» Data provided

━━━━━━━━━━━━━━━━

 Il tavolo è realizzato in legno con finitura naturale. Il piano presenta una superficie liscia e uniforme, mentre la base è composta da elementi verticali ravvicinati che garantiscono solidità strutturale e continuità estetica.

━━━━━━━━━━━━━━━━

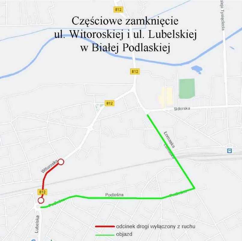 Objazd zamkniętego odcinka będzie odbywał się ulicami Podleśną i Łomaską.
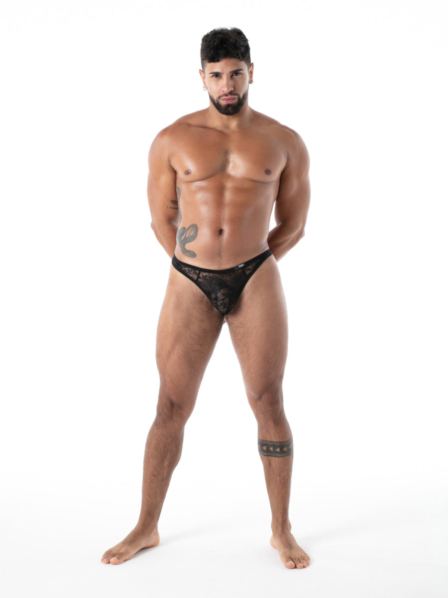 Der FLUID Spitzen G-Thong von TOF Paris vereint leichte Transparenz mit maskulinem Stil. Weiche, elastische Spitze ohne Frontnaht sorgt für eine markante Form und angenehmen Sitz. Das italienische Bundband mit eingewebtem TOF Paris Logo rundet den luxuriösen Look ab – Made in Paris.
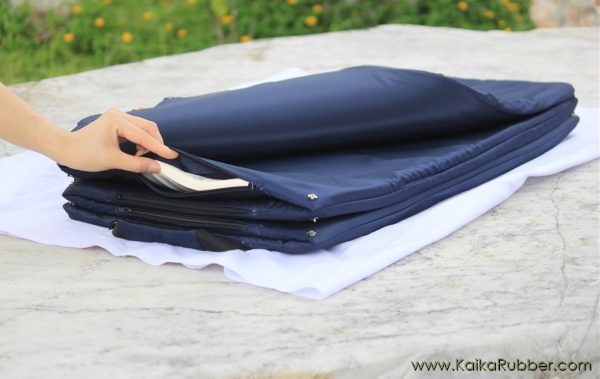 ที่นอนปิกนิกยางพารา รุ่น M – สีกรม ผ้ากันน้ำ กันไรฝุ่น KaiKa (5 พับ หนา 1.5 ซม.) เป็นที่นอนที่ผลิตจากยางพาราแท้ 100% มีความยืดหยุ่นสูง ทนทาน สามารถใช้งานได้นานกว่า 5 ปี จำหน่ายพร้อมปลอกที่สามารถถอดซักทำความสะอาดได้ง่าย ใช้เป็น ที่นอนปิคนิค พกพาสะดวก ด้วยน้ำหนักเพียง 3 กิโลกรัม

━━━━━━━━━━━━━━━━

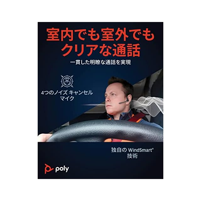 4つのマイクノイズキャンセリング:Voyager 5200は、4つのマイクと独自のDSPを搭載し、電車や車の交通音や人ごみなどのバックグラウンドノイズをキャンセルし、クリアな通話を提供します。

━━━━━━━━━━━━━━━━

» Your objective
For this exercise, set down the lines in the entries above from the one with "Der FLUID Spitzen" through the one with "ที่นอนปิกนิกยางพารา รุ่น M" exactly as written, without any pictures.

» Exercise output
 Der FLUID Spitzen G-Thong von TOF Paris vereint leichte Transparenz mit maskulinem Stil. Weiche, elastische Spitze ohne Frontnaht sorgt für eine markante Form und angenehmen Sitz. Das italienische Bundband mit eingewebtem TOF Paris Logo rundet den luxuriösen Look ab – Made in Paris.
 ที่นอนปิกนิกยางพารา รุ่น M – สีกรม ผ้ากันน้ำ กันไรฝุ่น KaiKa (5 พับ หนา 1.5 ซม.) เป็นที่นอนที่ผลิตจากยางพาราแท้ 100% มีความยืดหยุ่นสูง ทนทาน สามารถใช้งานได้นานกว่า 5 ปี จำหน่ายพร้อมปลอกที่สามารถถอดซักทำความสะอาดได้ง่าย ใช้เป็น ที่นอนปิคนิค พกพาสะดวก ด้วยน้ำหนักเพียง 3 กิโลกรัม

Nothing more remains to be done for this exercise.